Literature DB >> 20615678

Results of a quantitative survey to explore both perceptions of the purposes of follow-up and preferences for methods of follow-up delivery among service users, primary care practitioners and specialist clinicians after cancer treatment.

G Frew1, A Smith, B Zutshi, N Young, A Aggarwal, P Jones, R Kockelbergh, M Richards, E J Maher.   

Abstract

AIMS: To ascertain perceptions of reasons for follow-up after cancer treatment among service users (patients and carers), primary care practitioners and specialist clinicians (doctors and specialist nurses) and to identify levels of preference for different models of follow-up and the effect of an individual's experience on preferred models.
MATERIALS AND METHODS: A national survey designed to meet the needs of each key respondent group was carried out after a structured literature review, an extensive consultation process and a pilot scheme.

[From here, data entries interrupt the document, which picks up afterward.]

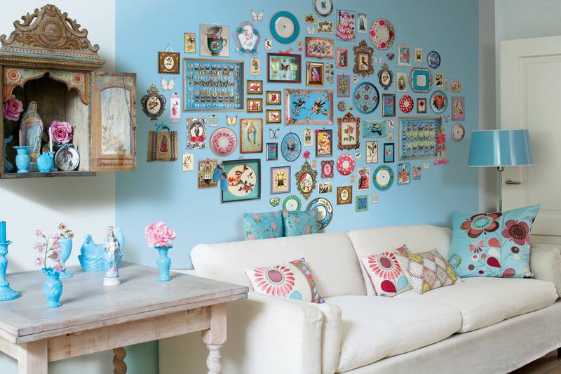 Si vous choisissez une teinte trop claire ou un papier peint blanc, l'intérieur doit certainement être ravivé avec des accents lumineux. Il peut s'agir de photographies ou de miroirs dans des cadres lumineux sur les murs, d'affiches et de collages de photos, d'étagères murales aux couleurs vives ou d'autocollants décoratifs.
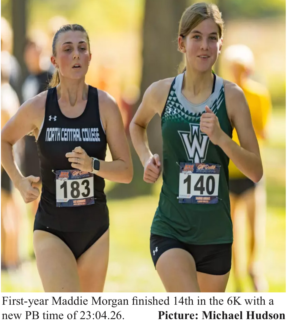 The race began with the women’s six-kilometer. Junior Adrianna Crabtree, the reigning CCIW individual champion, and senior Annalese Chudy started at the front of the pack, securing the fourth and fifth spots, respectively.
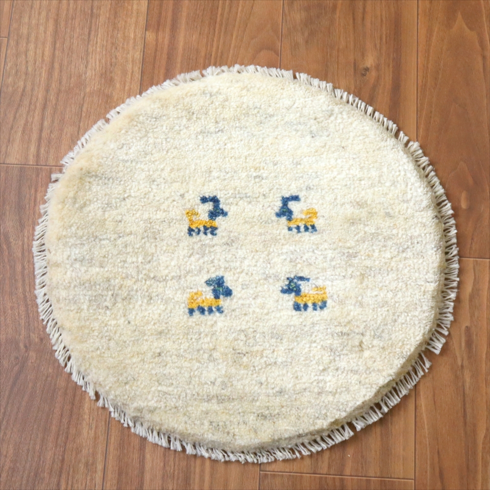 ギャッベ 円形座布団サイズ φ42cm ナチュラルアイボリー ベージュ
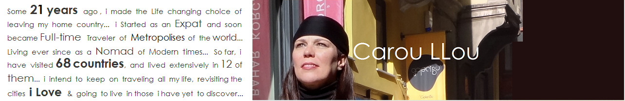I have been fascinated with CarouLLou ever since I met her online about a year ago. She and her husband have been global nomads together for 21 years (and on their own before that). They are, however, unlike any other global nomad I have ever met. Initially they would live two years in a given location—fairly normal, expatriate-type stuff. Over the years, however, as the internet came into being, as communication became easier, as it became possible to rent furnished apartments online, and as visas became more complicated (e.g., non-EU citizens may stay in Europe for six month per year, but only three months in a six-month period), CarouLLou and her “mystery photographer” became more and more nomadic, living in each location for shorter and shorter periods of time. Nowadays, they often stay in a place one-to-three months.

Respondents were asked to assess their degree of preference for 10 pre-selected indications for follow-up. Eight models of follow-up were also identified and respondents were asked to state their experience and preference for each type. The questionnaire was distributed nationally via the 34 cancer networks in England and was available both online and in hard copy (postal). The uptake for the electronic format was in the main by primary care practitioners and specialist clinicians. Service users preferred the paper (postal) format. The survey was also publicised through the primary care and patient partnership forums at a Cancer Network Development event.
RESULTS: In total, 2928 responses were received, comprising service users (21% of the sample), primary care practitioners (32%) and specialist clinicians (47%). Eighty-six per cent of responses were received from the 10 strategic health authorities in England, with the remaining 14% from Scotland, Wales and The Isle of Man. The responses from Scotland, Wales and the Isle of Man generally occurred where they interfaced with English cancer networks or had been engaged through word of mouth by colleagues. Among all respondents the main aims of cancer follow-up were considered to be: (1) to monitor for early complications after treatment; (2) to detect recurrences early; (3) to detect late effects of treatment. The most commonly experienced method of follow-up among all respondent groups was outpatient review with a doctor. This was considered to be the most preferred follow-up option among service users (86%). The least preferred option among service users was postal follow-up (32%). Primary care practitioners and specialist clinicians were more likely than service users to have experienced alternative methods of follow-up, such as telephone follow-up, self-triggered referral and non-specialist follow-up. These models were highly rated by those who had experience of them.
CONCLUSIONS: There was a reasonable level of consensus between service users, primary care practitioners and specialist clinicians as to the reasons for follow-up. Service users seemed to have higher expectations of follow-up, particularly in relation to detecting recurrences early. As respondents were more likely to prefer a method of follow-up delivery that they had experienced than one they had not; there could be resistance to change from established methods to new methods without adequate explanation. This suggests that the communication of new methods could be critical to their successful introduction.
Copyright © 2010 The Royal College of Radiologists. Published by Elsevier Ltd. All rights reserved.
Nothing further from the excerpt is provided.